On high-dimensional modifications of the nearest neighbor classifier

Annesha Ghosh,Deep Ghoshal,Bilol Banerjee,Anil K. Ghosh
2024-10-24
Abstract:Nearest neighbor classifier is arguably the most simple and popular nonparametric classifier available in the literature. However, due to the concentration of pairwise distances and the violation of the neighborhood structure, this classifier often suffers in high-dimension, low-sample size (HDLSS) situations, especially when the scale difference between the competing classes dominates their location difference. Several attempts have been made in the literature to take care of this problem. In this article, we discuss some of these existing methods and propose some new ones. We carry out some theoretical investigations in this regard and analyze several simulated and benchmark datasets to compare the empirical performances of proposed methods with some of the existing ones.
Machine Learning
What problem does this paper attempt to address?

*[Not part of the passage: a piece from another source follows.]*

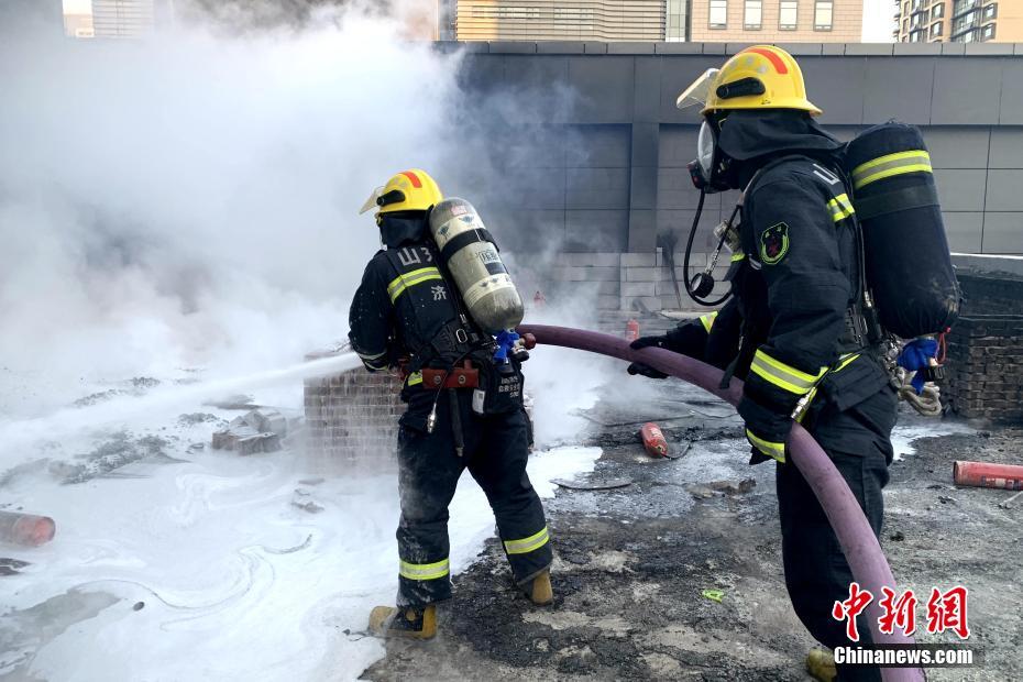 1月6日,位于山東省濟(jì)南市歷下總部商務(wù)中心工地突發(fā)火災(zāi),現(xiàn)場濃煙滾滾。濟(jì)南市消防救援支隊接警后,指揮中心立即調(diào)派消防員趕赴現(xiàn)場處置。8時01分,消防救援人員到達(dá)現(xiàn)場,8時10分,明火被撲滅,消防救援人員正在清理現(xiàn)場。圖為消防員在火災(zāi)現(xiàn)場進(jìn)行撲救。 中新社發(fā) 丁昊 攝

The problem that this paper attempts to solve is the performance degradation of the nearest neighbor classifier in the case of high - dimensional low - sample - size (HDLSS), especially when the scale differences between different classes are greater than the location differences. Specifically: 1. **Concentration of distances in high - dimensional data**: In high - dimensional space, the distances between different points tend to concentrate, which leads to the destruction of the neighbor structure of the nearest neighbor classifier, thus affecting its classification effect. For example, in high dimensions, even if the distribution centers of two classes are significantly different, due to the influence of scale differences, the nearest neighbor classifier may not be able to effectively distinguish these classes. 2. **Limitations of existing methods**: Although some improved methods have been proposed in the existing literature to deal with this problem, these methods still have deficiencies in certain specific situations (such as scale problems). For example, the scale adjustment method (CH classifier) proposed by Chan and Hall performs well in dealing with location - scale problems, but its performance is still poor when dealing with cases where only the scale is different. 3. **Proposing new solutions**: The paper proposes an improved scale - adjusted nearest neighbor classifier (Modified Chan and Hall classifier, MCH classifier), and verifies its superior performance in high - dimensional data in multiple experiments. In addition, the paper also explores the classification method based on the minimum - distance feature (MDist classifier), which performs well in dealing with complex situations such as mixed distributions. Through these methods, the paper aims to improve the classification performance of the nearest neighbor classifier in the case of high - dimensional low - sample - size, especially when there are significant scale differences between different classes.